Наиболее приближенными к этому злосчастному афоризму являются слова Дмитрия в романе «Братья Карамазовы», передающие слова Алеши, сказанные в споре с Ракитиным: «Только как же, спрашиваю, после того человек-то? Без бога-то и без будущей жизни? Ведь это, стало быть, теперь всё позволено, всё можно делать?»

Сам факт столь долгой живучести этой фразы, несмотря на всю некорректность цитирования, свидетельствует о том, что она задевает некий нерв нашей идеологической доктрины. И неудивительно, что консерваторы так любят выкапывать ее, как только разгорается очередной скандал, связанный с представителями нашей элиты, склонной к атеистическому гедонизму.

Эту фразу обычно вспоминают, как только речь заходит о жертвах ГУЛАГа, о зоофилии или однополых браках.
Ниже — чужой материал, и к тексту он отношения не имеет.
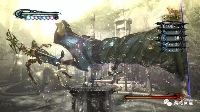 《猎天使魔女》的关键之处或许在于,每一种动作机制都能通过闪避或跳跃来取消操作(除了闪避操作本身)。Ruiz补充说道,“这个特点会使玩家觉得操作反馈迅速、可操控性高。”

Вот, дескать, чем заканчиваются все попытки отрицать трансцендентную власть, которая только и является абсолютным ограничителем всех человеческих стремлений.

Развивая далее свою мысль, они приходят к выводу о том, что без подобных трансцендентных ограничений ничто не сможет уберечь нас от безжалостной эксплуатации своих ближних и от использования их лишь в качестве орудия для извлечения наживы и получения удовольствия. Ничто, якобы, не удержит нас от порабощения, унижения и массового убийства. Между нами и этим моральным вакуумом - отсутствием трансцендентного ограничения, отныне будет стоять лишь самоограничение и произвольно заключаемые «пакты между волками», служащие интересам выживания и временного благополучия тех же «волков». Но и эти «пакты» могут быть нарушены в любой момент.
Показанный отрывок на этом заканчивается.